WORK REQUIRED
Below are records; reproduce exactly the lines from the one that has "We have no idea" through the one that has "匠物 316不鏽鋼蒸魚鍋 不鏽鋼蒸鍋", ends included, and nothing more.

TASK INPUTS
★ ★ ★ ★ ★
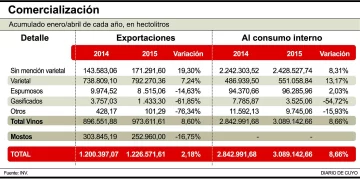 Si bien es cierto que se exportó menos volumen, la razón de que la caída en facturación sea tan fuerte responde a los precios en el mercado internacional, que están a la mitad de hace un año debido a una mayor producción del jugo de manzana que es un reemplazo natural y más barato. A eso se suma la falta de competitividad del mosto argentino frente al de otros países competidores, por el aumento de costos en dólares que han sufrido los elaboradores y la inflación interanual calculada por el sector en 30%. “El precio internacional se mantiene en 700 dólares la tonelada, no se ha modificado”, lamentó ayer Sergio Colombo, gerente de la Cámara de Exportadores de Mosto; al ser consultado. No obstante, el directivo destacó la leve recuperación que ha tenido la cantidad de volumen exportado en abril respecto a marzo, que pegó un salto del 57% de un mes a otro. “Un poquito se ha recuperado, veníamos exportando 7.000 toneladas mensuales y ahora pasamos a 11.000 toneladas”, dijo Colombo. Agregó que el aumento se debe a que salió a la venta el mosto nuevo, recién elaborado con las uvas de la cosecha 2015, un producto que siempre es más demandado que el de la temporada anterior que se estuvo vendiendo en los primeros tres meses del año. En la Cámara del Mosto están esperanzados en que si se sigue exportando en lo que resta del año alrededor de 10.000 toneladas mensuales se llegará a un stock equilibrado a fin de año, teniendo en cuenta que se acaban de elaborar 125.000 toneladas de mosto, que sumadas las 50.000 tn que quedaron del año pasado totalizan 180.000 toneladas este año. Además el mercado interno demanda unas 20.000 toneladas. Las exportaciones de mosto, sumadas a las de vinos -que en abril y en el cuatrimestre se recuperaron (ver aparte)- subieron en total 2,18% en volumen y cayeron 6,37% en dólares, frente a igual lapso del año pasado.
★ ★ ★ ★ ★
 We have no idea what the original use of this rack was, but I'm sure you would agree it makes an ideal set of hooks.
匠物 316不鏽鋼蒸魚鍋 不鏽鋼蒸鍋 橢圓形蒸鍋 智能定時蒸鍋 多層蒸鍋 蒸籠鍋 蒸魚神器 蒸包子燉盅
★ ★ ★ ★ ★
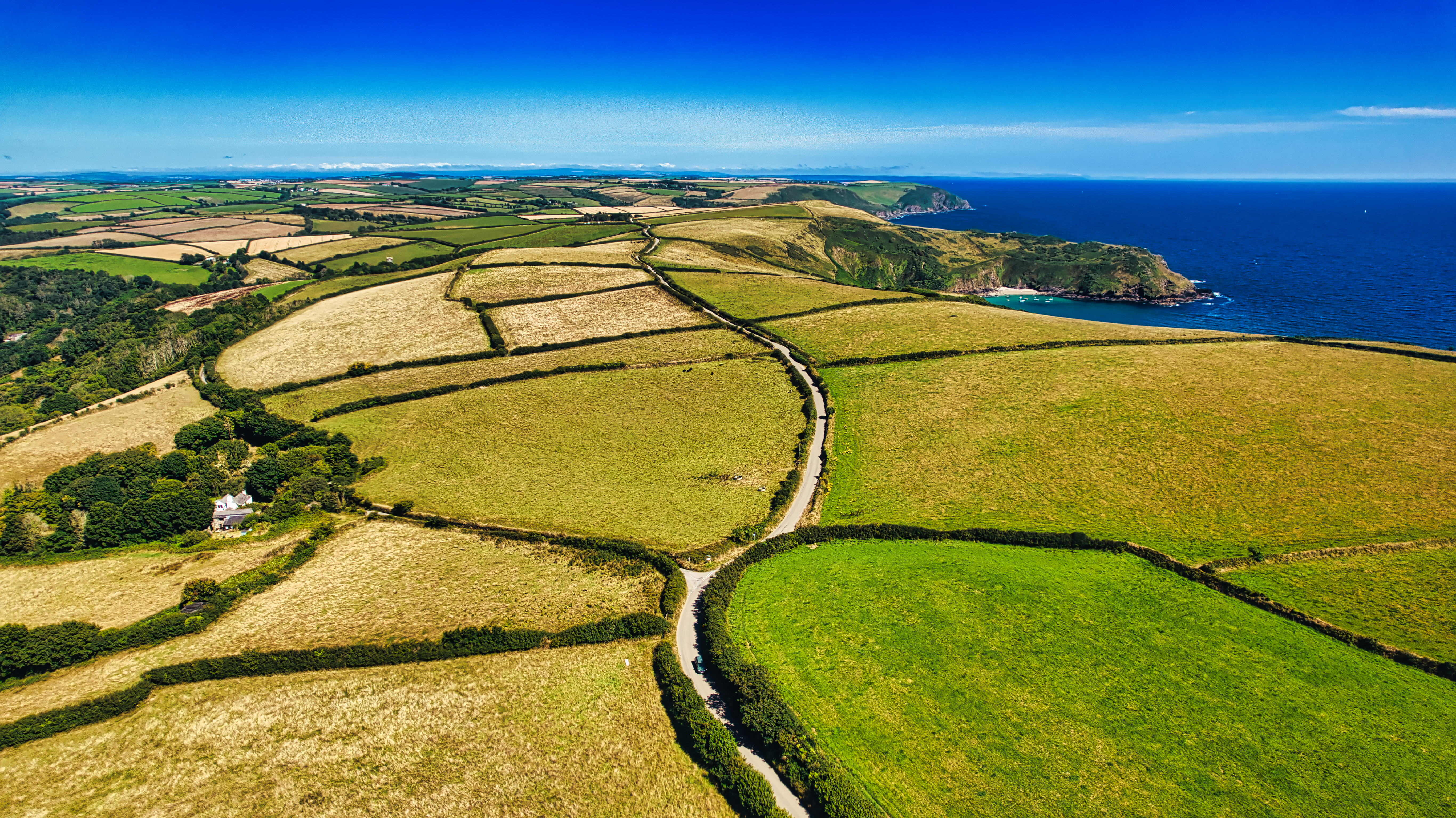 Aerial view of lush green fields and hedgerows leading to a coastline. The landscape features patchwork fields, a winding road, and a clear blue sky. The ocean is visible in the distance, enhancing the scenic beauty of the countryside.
★ ★ ★ ★ ★
ANSWER TO THIS PROBLEM
 We have no idea what the original use of this rack was, but I'm sure you would agree it makes an ideal set of hooks.
匠物 316不鏽鋼蒸魚鍋 不鏽鋼蒸鍋 橢圓形蒸鍋 智能定時蒸鍋 多層蒸鍋 蒸籠鍋 蒸魚神器 蒸包子燉盅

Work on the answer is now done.